Design of data structures and algorithms to support specialization and free-threading is much harder than to support one or the other.
This is a problem for single-threaded performance, but free threading makes the problem worse and complicates the solution.
As a program goes faster, it will produce garbage faster. We need to either speedup the cycle collector, or produce less garbage. Ideally both.
Partial evaluation, an optimization that builds on specialization and doesn’t like parallel mutation, can reduce the amount of garbage produced.
We hope that with improved GC and partial evaluation cycle GC can scale with single-threaded performance improvements we expect for 3.13.
Free-threading produces more garbage. 10 threads running in parallel will produce 10 times as much garbage.
Without radical changes to the cycle GC, this will kill performance.
Spending 10% of the execution time in the cycle GC is fairly typical for single-threaded Python programs.
With 9 threads running, and a single threaded cycle GC, 50% of execution time would be spent in GC, with the threads idling half the time.
This is a solvable problem, but it is a hard one.
Free threading will need an ABI break.
It will also need API changes, although it is not clear what yet.
Probably, all C structs will need to be opaque, as parallel modification of those structs
is a hazard that it is unreasonable to expect third-party developers to handle.
Returning borrowed references is already unsafe. It becomes extra unsafe with free threading,
so all C API functions that return borrowed references will need to be replaced.
If there is the will to have fast, free threading, we can do it.
Long term financial backing and the right people will be needed.
I believe we already have the right people, we just need the backing.

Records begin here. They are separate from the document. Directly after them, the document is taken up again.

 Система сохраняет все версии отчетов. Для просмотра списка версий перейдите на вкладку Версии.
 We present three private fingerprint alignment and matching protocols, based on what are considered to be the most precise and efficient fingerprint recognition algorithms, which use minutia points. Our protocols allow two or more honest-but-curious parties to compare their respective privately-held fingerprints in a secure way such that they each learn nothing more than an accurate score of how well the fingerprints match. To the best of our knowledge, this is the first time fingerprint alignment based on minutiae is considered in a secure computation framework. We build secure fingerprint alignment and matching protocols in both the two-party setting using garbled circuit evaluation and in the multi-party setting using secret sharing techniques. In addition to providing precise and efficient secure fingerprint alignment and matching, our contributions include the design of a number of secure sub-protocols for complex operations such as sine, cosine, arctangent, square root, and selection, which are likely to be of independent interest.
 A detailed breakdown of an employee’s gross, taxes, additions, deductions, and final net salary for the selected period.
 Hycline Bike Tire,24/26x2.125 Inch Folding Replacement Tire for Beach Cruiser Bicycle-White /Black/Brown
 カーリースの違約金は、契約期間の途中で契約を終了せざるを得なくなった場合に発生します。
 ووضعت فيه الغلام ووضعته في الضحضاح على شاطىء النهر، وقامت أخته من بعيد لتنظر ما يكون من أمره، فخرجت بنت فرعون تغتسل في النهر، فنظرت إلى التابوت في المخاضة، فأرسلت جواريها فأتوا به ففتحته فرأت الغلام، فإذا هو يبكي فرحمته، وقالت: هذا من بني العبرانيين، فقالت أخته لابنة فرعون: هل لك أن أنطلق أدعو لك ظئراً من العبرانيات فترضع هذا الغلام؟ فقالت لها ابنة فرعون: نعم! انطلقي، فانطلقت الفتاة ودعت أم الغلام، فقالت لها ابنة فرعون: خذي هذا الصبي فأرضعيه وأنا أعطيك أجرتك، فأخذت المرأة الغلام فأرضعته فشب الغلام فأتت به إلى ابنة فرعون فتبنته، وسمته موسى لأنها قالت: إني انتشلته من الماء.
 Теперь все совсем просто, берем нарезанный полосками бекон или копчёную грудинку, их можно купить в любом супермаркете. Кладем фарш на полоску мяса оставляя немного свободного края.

There are three options available to the Steering Council:
- Choose single-threading performance: We ultimately expect a 5x speedup over 3.10
- Choose free-threading: NoGIL appears to scale well, but expect worse single threaded performance.
- Choose both.
- Pros: We know how to do this. We have a plan. It will happen. Sub-interpreters allow some limited form of parallelism.
- Cons: It keeps the GIL, preventing free-threading.
- Pros: Free threading; much better performance for those who can use multiple threads effectively.
- Cons: Some unknowns. Worse performance for most people, as single threaded performance will be worse. We don’t know how much worse.
- Pros: Gives us the world class runtime that the world’s number one programming language should have.
- Cons: More unknowns and a large cost.
Personally, I would be delighted if we choose option 3 because it is clearly the best option (and because it gives me great job security )
Please don’t choose option 2 hoping that we will get option 3, because “someone will sort out the performance issue”. They won’t, unless the resources are there.
If we must choose option 1 or 2, then I think it has to be option 1.
It gives us a speedup at much lower cost in CPUs and energy,
by doing things more efficiently rather than just throwing lots of cores at the problem.